Not only did the states of the Tsar and Kaiser glorify in the language of divine providence in justifying their aggression, but the church leaders in the West also employed violent language involving Christian duty and honour to save Christian civilization from “God’s enemies,” the barbaric Germans. World War I erupted during a time when religious themes still resonated powerfully with rural and peasant societies, and medieval imagery of battling knights and angels was used frequently in propaganda. For Protestant Germany, the war heralded God’s special mission for the nation. Yet rumours of German atrocities unleashed tales of Christ-like suffering. Spiritual calls to sacrifice and martyrdom underpinned the militarism and nationalism of the embroiled nations, and as the grisly slaughter grew, shocking people with the numbers of dead—the French lost 27,000 men on Aug. 22, 1914, alone at the Battle of the Frontiers—so did the use of the language of the apocalypse.

The spiritual upheaval during the years of war had lasting consequences. Christian Database states that the world in 1914 had a global total of 560 million Christians; however once the war started, the definition of Christianity changed rapidly. Aptly termed "Christendom's ultimate civil war", World War One was about Christians fighting Christians, and became a landscape in which Christianity took on new forms. The skeletal separation and independence between Church and State that we have today was initiated during this time, due to the replacement of the ancient Church-State alliance. Jenkins also explains how these changes affect the global landscape of Christianity, stating that "in the Middle East, the war was a near-terminal experience for Christian communities that could trace their religious roots to the Roma Empire - the Armenians, but also Greeks, Assyrians, Chaldeans and Maronites.

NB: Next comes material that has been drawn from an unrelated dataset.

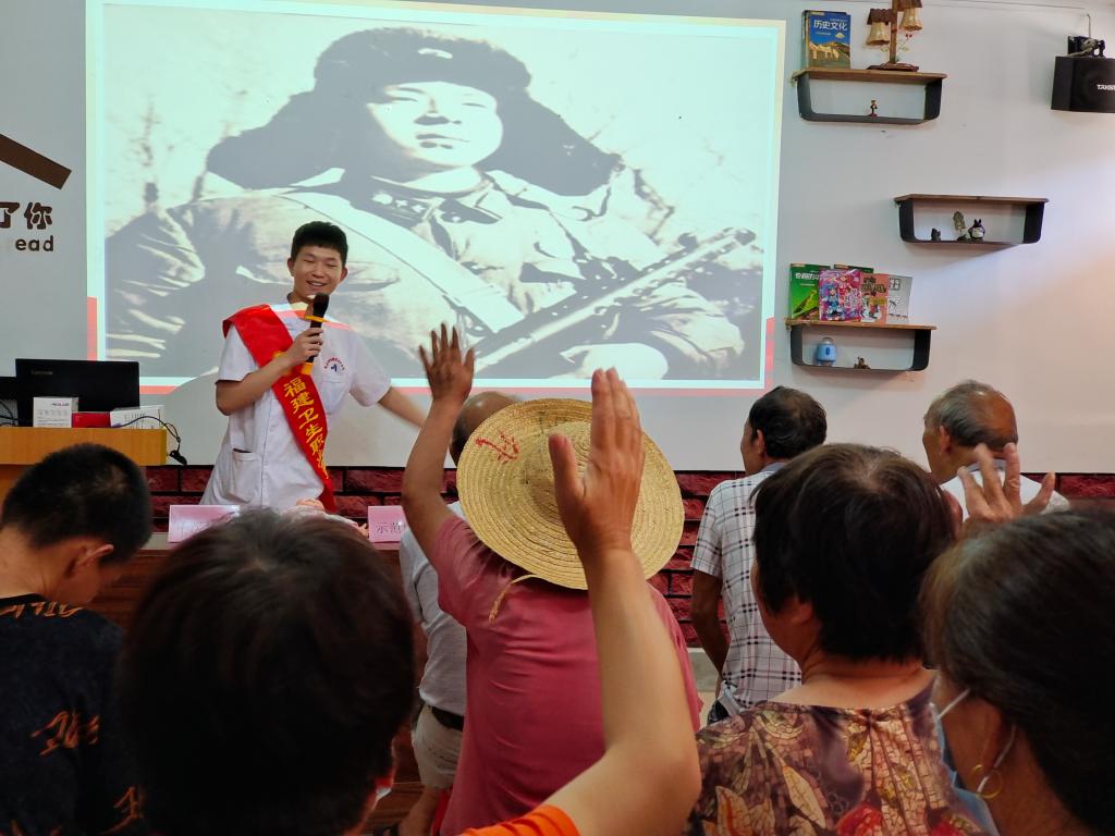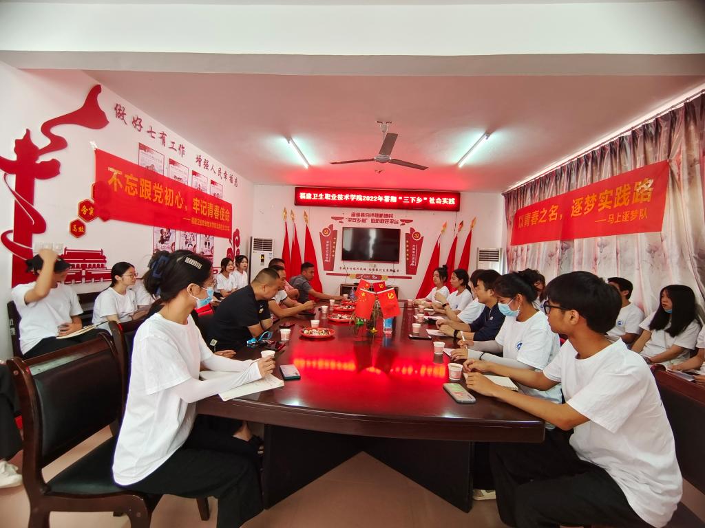2022年暑期,24位來自不同醫(yī)學(xué)專業(yè)的福建衛(wèi)職院習(xí)近平新時代中國特色社會主義思想讀書社社員,在馬克思主義學(xué)院熊美蘭、羅蕓、王康和醫(yī)學(xué)院徐麗鶯老師的指導(dǎo)下組建“馬上逐夢”實踐隊,開展“不忘跟黨初心 牢記青春使命”為主題的“三下鄉(xiāng)”思政課社會實踐。本次思政實踐教學(xué)的“主會場”設(shè)在閩侯縣新坡村,“分會場”設(shè)在各隊員的家鄉(xiāng)?;顒印艾F(xiàn)場”為學(xué)生提供“探”“訪”“宣”“診”等思政課實踐教學(xué)“大餐”。

As remaining Christians struggle to survive in the new environment, they developed new political ideologies that would dominate the politics of the region into the current century".

Furthermore, for those student readers looking to this work for research, you will be pleased to find the author also focusing on some key global after-effects; how the war transformed the world's great religions. that war shaped Christianity, Islam and Judaism as they have existed over the past century, how the United States emerged as a super power and how the new global political climate gave rise to Nazism, totalitarianism and communism.

The Great and Holy War presents a powerful and persuasive narrative that brings together global politics, history and spiritual crisis on all sides of the battlefield.